**Dataset extract**
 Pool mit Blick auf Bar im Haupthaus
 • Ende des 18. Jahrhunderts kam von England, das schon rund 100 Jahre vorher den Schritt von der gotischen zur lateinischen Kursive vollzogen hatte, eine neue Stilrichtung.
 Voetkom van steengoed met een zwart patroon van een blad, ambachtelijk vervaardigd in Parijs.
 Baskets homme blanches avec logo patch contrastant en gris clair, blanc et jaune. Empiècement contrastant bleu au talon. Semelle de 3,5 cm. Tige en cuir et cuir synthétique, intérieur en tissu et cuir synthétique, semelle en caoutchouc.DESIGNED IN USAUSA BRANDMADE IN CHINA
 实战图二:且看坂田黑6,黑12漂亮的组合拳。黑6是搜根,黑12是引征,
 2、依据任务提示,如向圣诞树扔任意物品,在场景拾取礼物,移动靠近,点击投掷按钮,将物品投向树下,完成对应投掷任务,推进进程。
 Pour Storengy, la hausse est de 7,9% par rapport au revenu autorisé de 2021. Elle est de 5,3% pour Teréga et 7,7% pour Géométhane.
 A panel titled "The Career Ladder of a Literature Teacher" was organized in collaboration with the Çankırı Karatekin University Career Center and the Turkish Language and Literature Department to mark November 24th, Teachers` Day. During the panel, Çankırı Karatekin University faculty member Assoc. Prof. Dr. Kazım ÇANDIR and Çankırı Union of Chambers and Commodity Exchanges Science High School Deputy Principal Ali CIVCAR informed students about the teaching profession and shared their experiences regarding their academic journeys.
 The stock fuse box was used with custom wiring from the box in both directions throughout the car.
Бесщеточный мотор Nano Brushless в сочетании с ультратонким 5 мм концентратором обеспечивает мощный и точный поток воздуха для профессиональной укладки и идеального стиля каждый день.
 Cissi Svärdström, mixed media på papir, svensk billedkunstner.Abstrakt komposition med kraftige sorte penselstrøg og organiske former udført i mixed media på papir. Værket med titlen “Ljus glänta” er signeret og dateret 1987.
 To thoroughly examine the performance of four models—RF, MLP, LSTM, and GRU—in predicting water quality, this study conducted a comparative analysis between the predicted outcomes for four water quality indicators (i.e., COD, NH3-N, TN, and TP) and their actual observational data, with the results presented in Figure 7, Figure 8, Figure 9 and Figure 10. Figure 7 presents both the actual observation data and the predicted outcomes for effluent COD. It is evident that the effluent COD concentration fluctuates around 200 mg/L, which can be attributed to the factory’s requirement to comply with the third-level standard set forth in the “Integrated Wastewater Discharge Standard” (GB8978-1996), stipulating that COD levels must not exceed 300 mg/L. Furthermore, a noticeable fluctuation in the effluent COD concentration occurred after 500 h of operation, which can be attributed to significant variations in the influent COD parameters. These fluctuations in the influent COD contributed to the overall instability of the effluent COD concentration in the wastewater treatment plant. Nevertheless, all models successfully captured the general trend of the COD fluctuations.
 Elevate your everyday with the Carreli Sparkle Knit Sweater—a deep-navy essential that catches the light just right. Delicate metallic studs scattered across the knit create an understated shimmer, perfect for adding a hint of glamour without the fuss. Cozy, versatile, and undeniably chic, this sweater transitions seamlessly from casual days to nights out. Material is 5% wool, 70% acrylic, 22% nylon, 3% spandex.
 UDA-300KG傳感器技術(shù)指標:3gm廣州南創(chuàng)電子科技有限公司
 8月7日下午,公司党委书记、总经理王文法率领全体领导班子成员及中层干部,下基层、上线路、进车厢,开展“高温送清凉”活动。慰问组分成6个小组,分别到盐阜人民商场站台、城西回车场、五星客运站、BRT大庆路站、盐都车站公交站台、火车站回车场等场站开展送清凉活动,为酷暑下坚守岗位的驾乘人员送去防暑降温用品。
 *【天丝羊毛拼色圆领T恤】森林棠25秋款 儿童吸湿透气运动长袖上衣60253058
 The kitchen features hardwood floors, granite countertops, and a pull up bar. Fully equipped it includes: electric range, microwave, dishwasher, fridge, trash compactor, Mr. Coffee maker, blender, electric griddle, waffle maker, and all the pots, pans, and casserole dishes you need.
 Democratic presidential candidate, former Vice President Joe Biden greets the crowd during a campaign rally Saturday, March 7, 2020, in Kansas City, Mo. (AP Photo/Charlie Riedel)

**Problem to solve**
Only the lines from the line with "UDA-300KG傳感器技術" to the final line of the entries are to be returned, each exactly as written, both ends included.

**Answer for the task**
 UDA-300KG傳感器技術(shù)指標:3gm廣州南創(chuàng)電子科技有限公司
 8月7日下午,公司党委书记、总经理王文法率领全体领导班子成员及中层干部,下基层、上线路、进车厢,开展“高温送清凉”活动。慰问组分成6个小组,分别到盐阜人民商场站台、城西回车场、五星客运站、BRT大庆路站、盐都车站公交站台、火车站回车场等场站开展送清凉活动,为酷暑下坚守岗位的驾乘人员送去防暑降温用品。
 *【天丝羊毛拼色圆领T恤】森林棠25秋款 儿童吸湿透气运动长袖上衣60253058
 The kitchen features hardwood floors, granite countertops, and a pull up bar. Fully equipped it includes: electric range, microwave, dishwasher, fridge, trash compactor, Mr. Coffee maker, blender, electric griddle, waffle maker, and all the pots, pans, and casserole dishes you need.
 Democratic presidential candidate, former Vice President Joe Biden greets the crowd during a campaign rally Saturday, March 7, 2020, in Kansas City, Mo. (AP Photo/Charlie Riedel)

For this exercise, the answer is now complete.